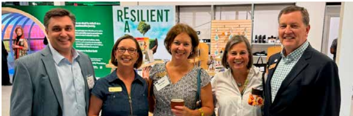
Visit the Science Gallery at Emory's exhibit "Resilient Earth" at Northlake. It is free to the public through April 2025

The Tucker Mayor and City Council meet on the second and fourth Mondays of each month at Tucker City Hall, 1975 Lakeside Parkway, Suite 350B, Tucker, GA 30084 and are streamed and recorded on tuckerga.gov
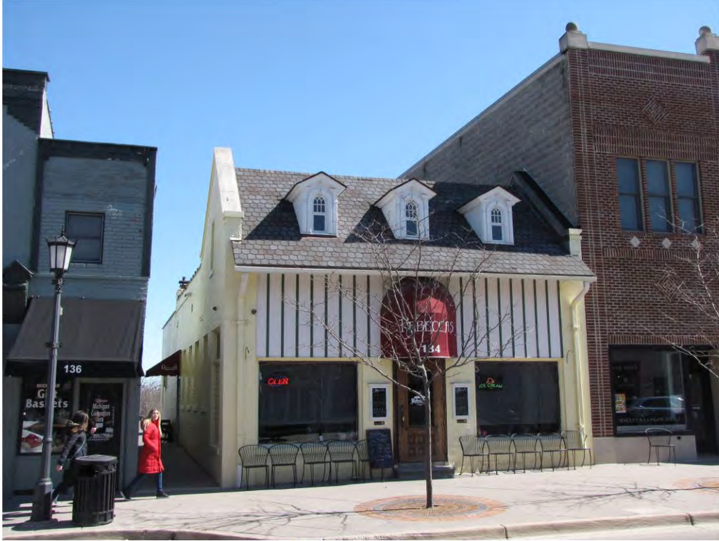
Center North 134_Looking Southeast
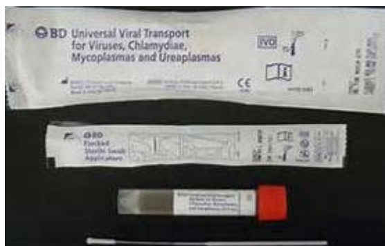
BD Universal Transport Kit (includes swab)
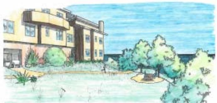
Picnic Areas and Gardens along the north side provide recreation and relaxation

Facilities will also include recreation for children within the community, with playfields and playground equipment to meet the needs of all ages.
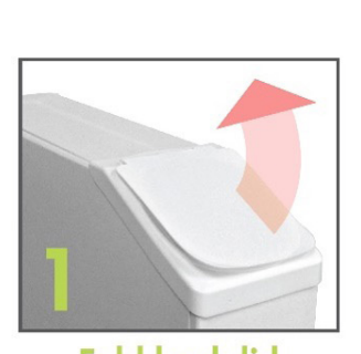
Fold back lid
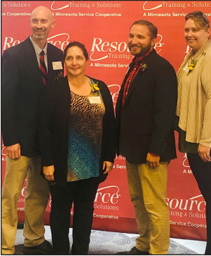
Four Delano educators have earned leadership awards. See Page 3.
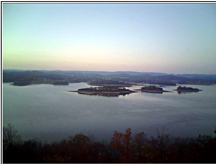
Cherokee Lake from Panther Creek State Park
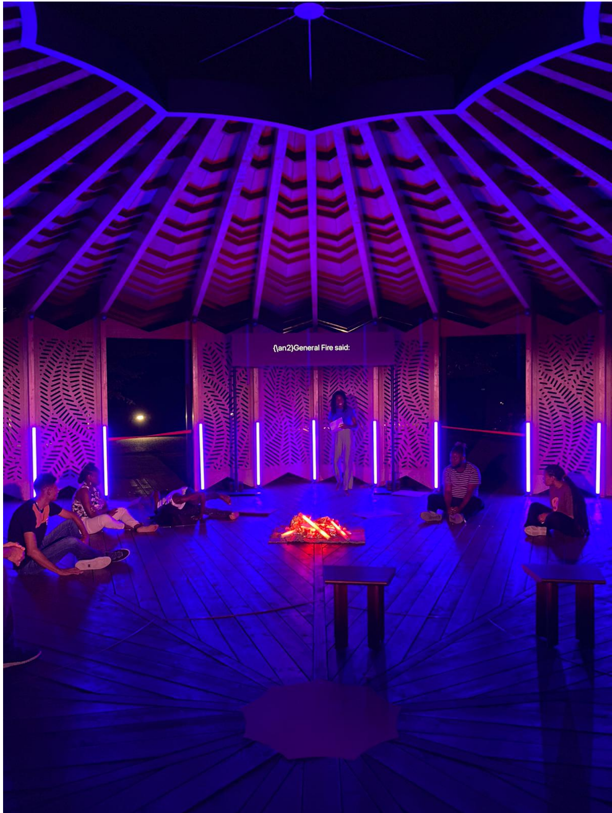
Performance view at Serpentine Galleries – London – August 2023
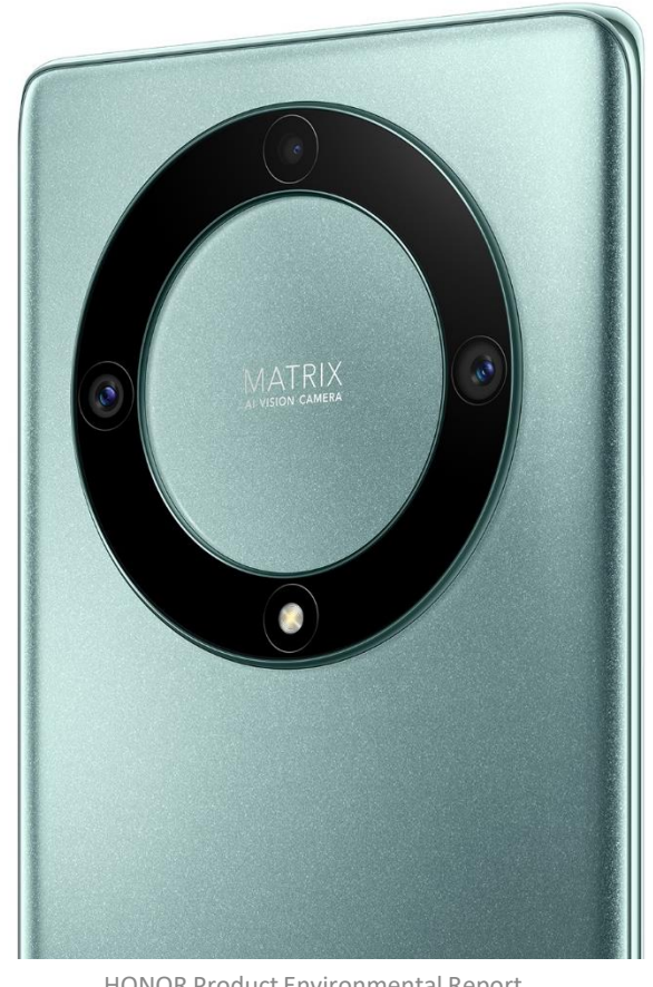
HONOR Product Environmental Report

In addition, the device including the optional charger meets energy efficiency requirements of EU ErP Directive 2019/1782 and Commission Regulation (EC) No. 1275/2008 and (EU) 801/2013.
★ ★ ★ ★ ★ ★ ★
WHAT YOU NEED TO DO -
Extract the text of all the records above verbatim, excluding pictures.

COMPLETED TASK -
Visit the Science Gallery at Emory's exhibit "Resilient Earth" at Northlake. It is free to the public through April 2025

The Tucker Mayor and City Council meet on the second and fourth Mondays of each month at Tucker City Hall, 1975 Lakeside Parkway, Suite 350B, Tucker, GA 30084 and are streamed and recorded on tuckerga.gov
Center North 134_Looking Southeast
BD Universal Transport Kit (includes swab)
Picnic Areas and Gardens along the north side provide recreation and relaxation

Facilities will also include recreation for children within the community, with playfields and playground equipment to meet the needs of all ages.
Fold back lid
Four Delano educators have earned leadership awards. See Page 3.
Cherokee Lake from Panther Creek State Park
Performance view at Serpentine Galleries – London – August 2023
HONOR Product Environmental Report

In addition, the device including the optional charger meets energy efficiency requirements of EU ErP Directive 2019/1782 and Commission Regulation (EC) No. 1275/2008 and (EU) 801/2013.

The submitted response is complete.